Foy & Louisa Brown's floating home

Every May to November, they anchor their two-story home in the middle of the bay. The only way to access the floating home is via a canoe, as the house is entirely off the grid. The exterior features a large deck surrounded by potted plants and covered by the off-center roof. So many amenities fit inside tiny houses that it is hard to believe you would need anything more. The main floor holds an airy kitchen with a full-size fridge, a gas-burning stove, and a double sink. Adjacent is a four-seater round table and a futon for overnight guests. Like most small homes, the master bedroom is on the upstairs loft behind a railing made of salvaged sticks.
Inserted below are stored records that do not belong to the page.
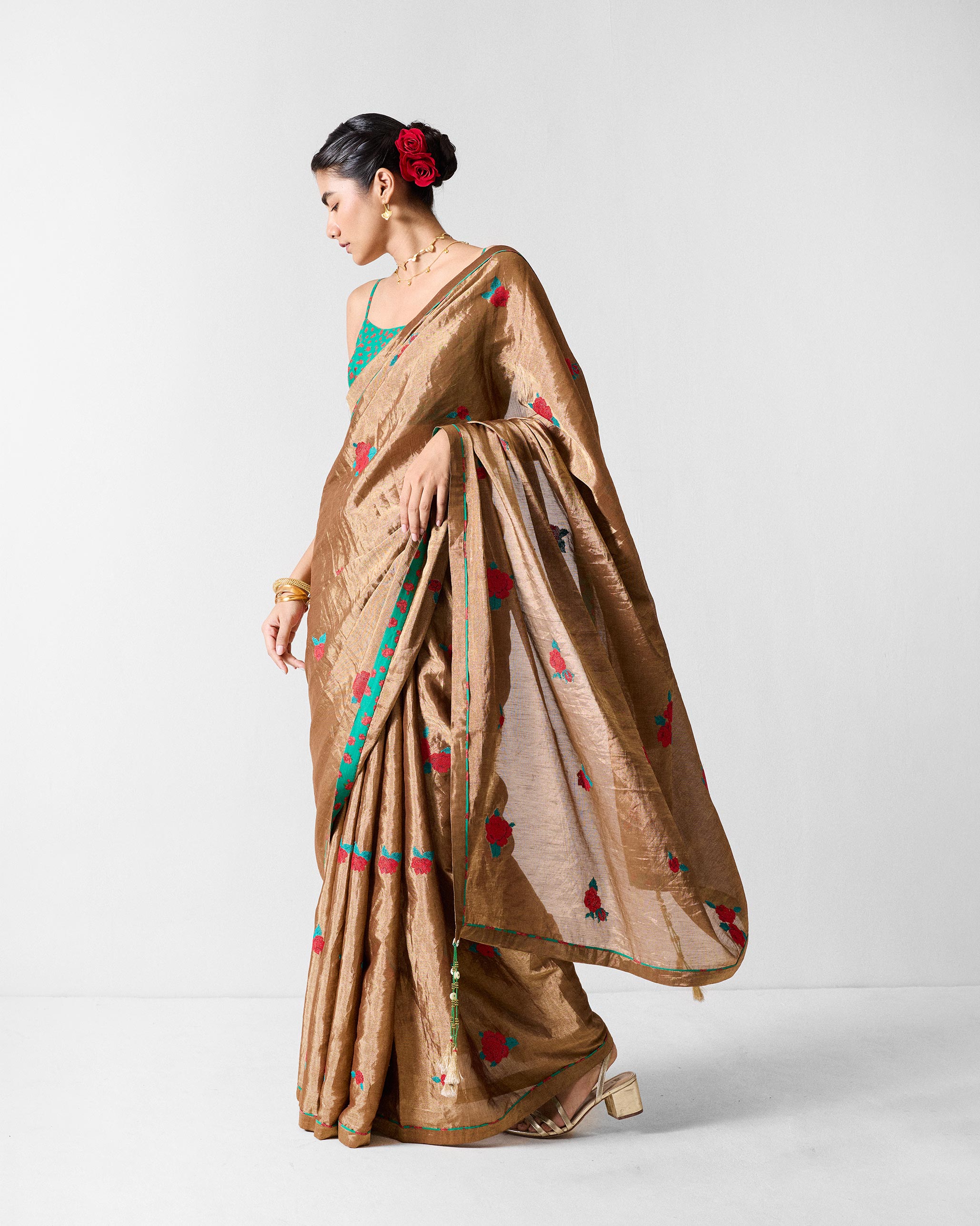 Whether styled with minimal gold jewellery for a sleek evening look or paired with heirloom pieces for a festive occasion, this sari shines bright.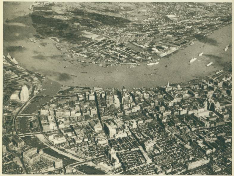 黄浦江与苏州河交汇之处,在1000米高空拍摄。照片前部是高楼林立的商业区,后部是浦东区。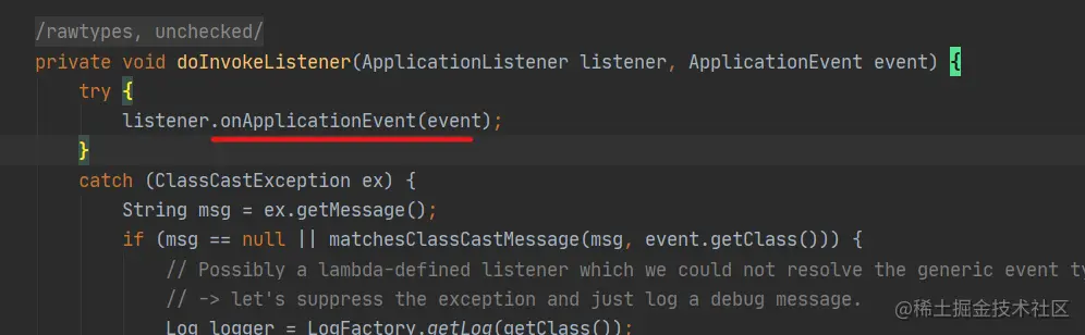 在invokeListener()方法中,终于看到了熟悉的onApplicationEvent方法,这个方法就是我们在自定义监听器时重写的方法,也正是在这里监听器调用了我们自己定义的onApplicationEvent(),实现了自定义的一些功能。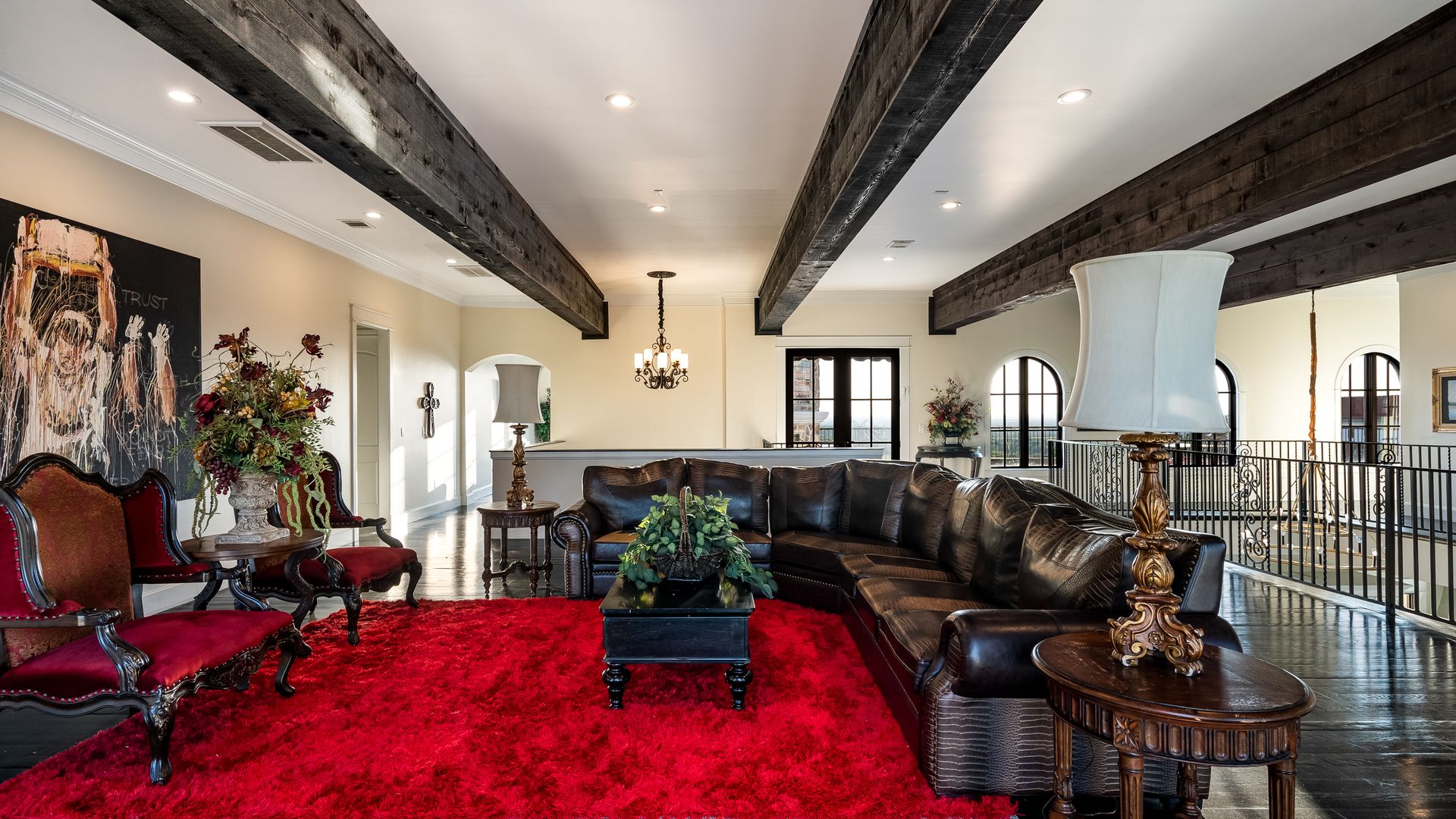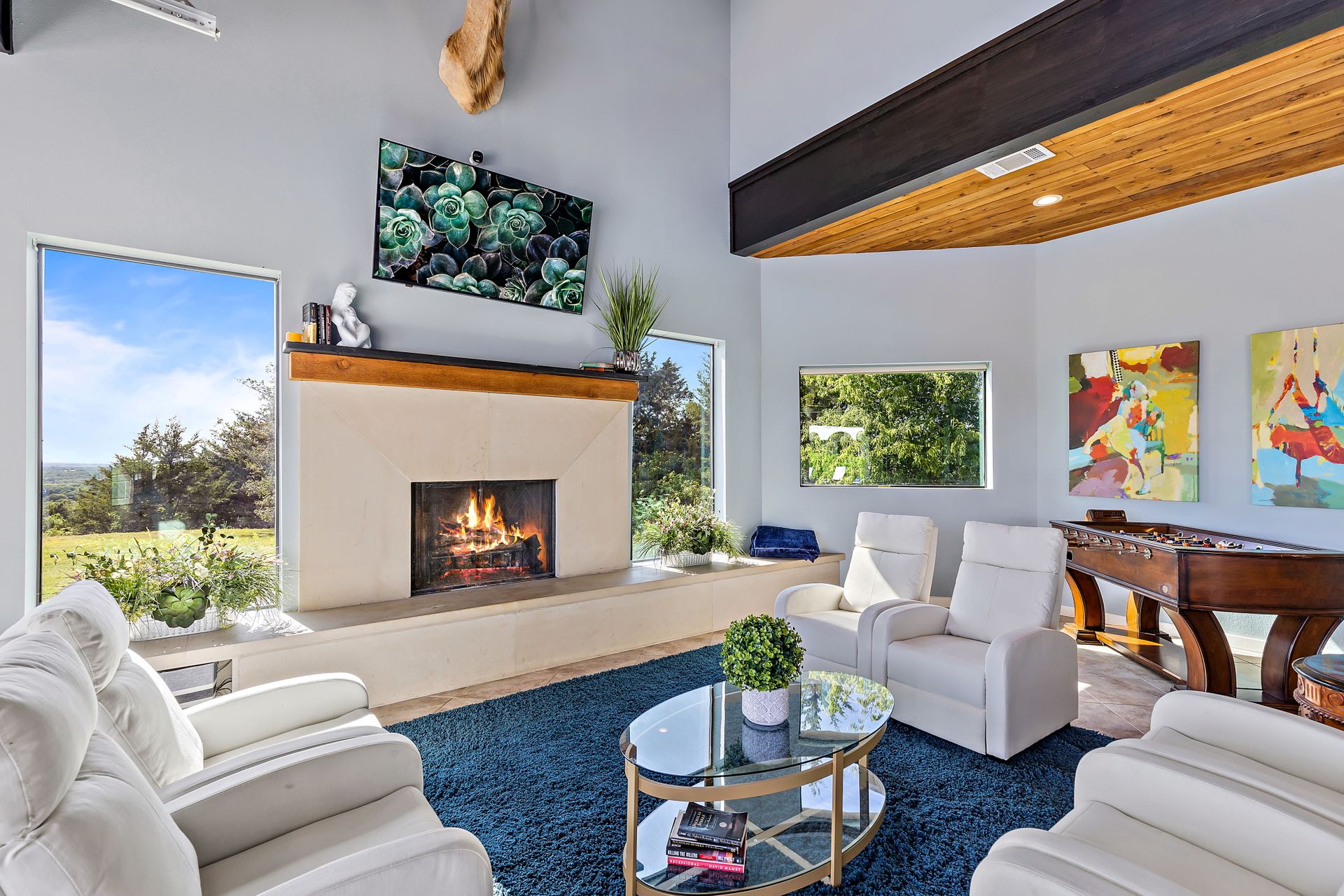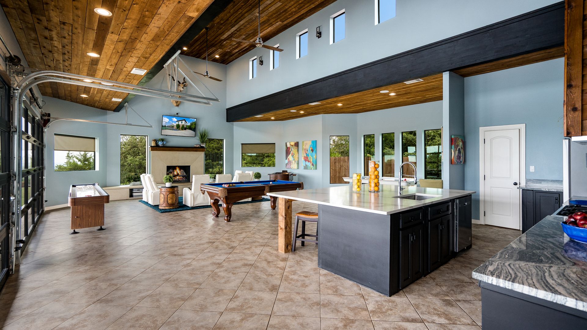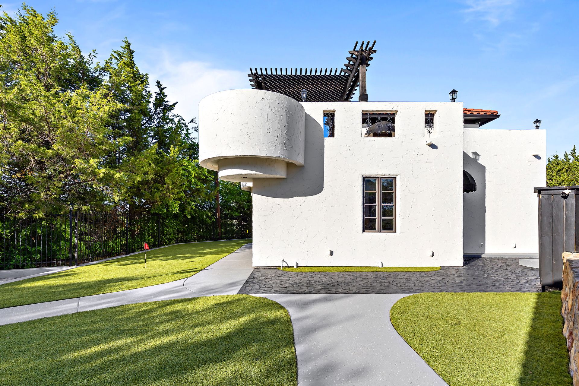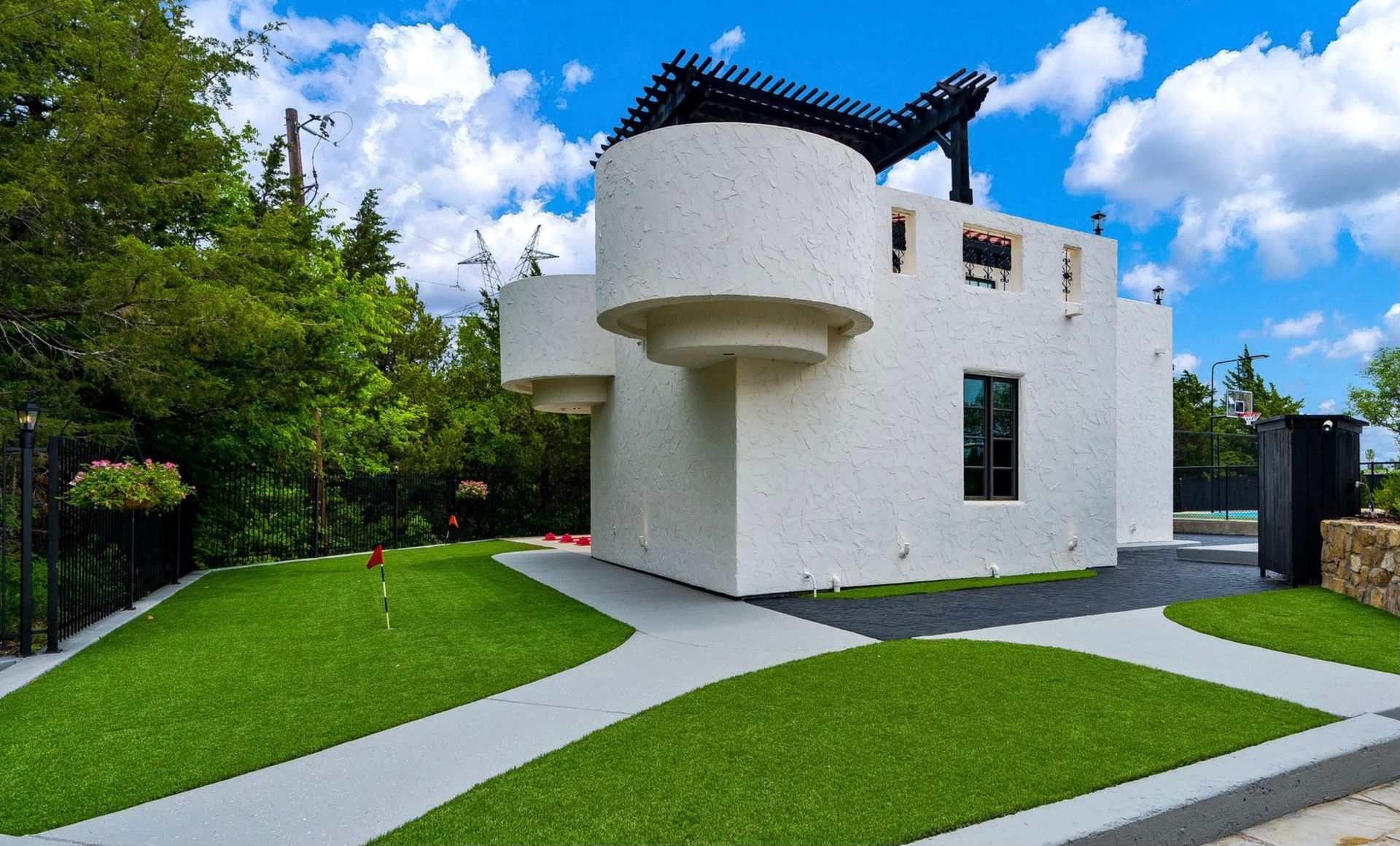 Welcome to La Casa de Fe! This magnificent estate located in the charming city of Decatur, TX. This sprawling property spans an impressive 25 acres, offering an abundance of luxurious amenities and the most breathtaking views you will find in North Texas. This beautiful property presents an incredible opportunity to embrace a serene lifestyle while being conveniently close to urban amenities. The enchanting main house known as "The Spanish Castle" exudes a touch of Old-World charm and elegance, transporting you to a realm of architectural beauty and timeless sophistication. With it's distinctive Spanish-inspired design, this residence offers a truly unique living experience with 5 bedrooms, 8 baths, multiple living and dining areas, cinema room, executive office, resort sized balcony, and resort sized veranda with outdoor commercial grade kitchen and wine bar. The Spanish-style mansion has tastefully appointed interior features such as reclaimed redwood floors, elegant light fixtures, imported tile, and a spectacular view from almost every room. The 3,000-square foot entertainer's dream pool house is flooded with natural light through the custom glass garage doors that open to a resort-style pool with a 32-foot infinity edge and spa area made for relaxing. The pool house also has 2 bedrooms, a loft, and 1 and a half baths, and a 4-car garage with more custom glass doors. The fully equipped Parisian guest villa known as "A Walk in Paris" is ideal for hosting guests in a cozy and intimate space. It will leave your guests feeling like they are on vacation. You will also find a secluded area featuring a putting green, fire pit, and pergola covered custom hot tub. Fitness enthusiasts will appreciate the on-site fitness center, equipped with complete home gym, kitchen, laundry, and half bath. Stay active and maintain a healthy lifestyle day or night on the sports court featuring pickleball, tennis and basketball. Other property amenities include a Helipad situated next to a large hanger or barn ideal for storing helicopters, boats, RVs, or horses. A driving range, hen house, solar farm that produces 74,250 kilowatts of power - the ultimate in energy efficiency, pastures, deck with comfy couch to have a front row seat each day for sunset, multiple outdoor entertaining areas, and a high-flying Texas flag round out this beautiful home. Don't miss the chance to experience the epitome of refined TEXAS living in this exceptional estate!

Foy & Louisa Brown's floating home

This quiet tiny cabin reached completion on the evening of August 2010 — the couple's wedding night. Since then, there have been some minor renovations to fix the roof and build a cradle around the structure. While the couple initially planned to rent out the tiny house, they fell in love with their home too much to share it with anyone else.

Inside tiny houses along Bestie Row

Inside tiny houses along Bestie Row

This next set of tiny houses are all about friendship. These four couples and friends of over 20 years came together and decided to build their own neighborhood — and thus, Bestie Row came into fruition. They purchased land along the Llano River which is just outside Austin, Texas, and employed the help of architect Matt Garcia.

Inside tiny houses along Bestie Row

Garcia designed four little eco-friendly homes to make their dreams come true. Each house cost approximately $40,000 to build and features one bedroom, bathroom, living room, and kitchen all within 350 square feet. Metal panels protect the exterior sides, and the butterfly roof catches rainfall to supply their water as well as irrigate the surrounding vegetation.

Inside tiny houses along Bestie Row

Using inexpensive materials was key to ensuring the project stayed on budget. Concrete lines the floors while bare, unpainted plywood became walls. But just because furniture is minimalist inside tiny houses doesn't mean they are disorganized. These homes have plenty of storage space thanks to built-in cubbies in the bedroom/office area as well as the bathroom. Garcia also built a 1,500 square foot common building so all the friends can gather for group meals and get-togethers. We really can't think of a better retirement plan than surrounding yourself with gorgeous views and great people.

Carriage House by Christi Azevedo

Carriage House by Christi Azevedo

When someone thinks of tiny houses, the first type that comes into mind is mobile homes. The second kind of small home is probably a little box in the sky in a metropolitan area filled with the constant hustle and bustle of city life. The Carriage House is neither of those things. Built in 1908, the Oakland carriage house was falling apart when Azevedo was asked to create a livable space. The result is a quaint little house that anyone would be happy to call home.

Carriage House by Christi Azevedo

As you walk inside tiny houses, you may notice designers keep their floor plan mostly open. An open concept plan takes advantage of as much space as possible. Instead of walls, Azevedo has used furniture as a means to separate room functions. Just past the entrance is a corner of frosted glass which makes up the stand-up shower. The small kitchen flows into the dining room to create a cozy eating corner. A few steps after the table is a living room with lots of storage space thanks to half a dozen wooden pull-out boxes. When its time to sleep, you have a choice of the cozy couch or a comfortable bed in the corner of the flat.

Carriage House by Christi Azevedo

Despite having little to no natural night due to a lack of windows, the space still feels open thanks to the use of white walls. The white siding also provides some much-needed texture to an otherwise uninspiring area.

Final Thoughts

From conception to completion, creating a tiny house to call home is no easy feat. Between finding the right designer and sourcing the correct materials to build your dream space, it takes a lot of work and perseverance. When you look inside tiny houses, you see that they are filled with the furniture pieces to go about your daily life and the people you want to spend it with the most. But even if the process is arduous, what you'll create are memories that will last a lifetime.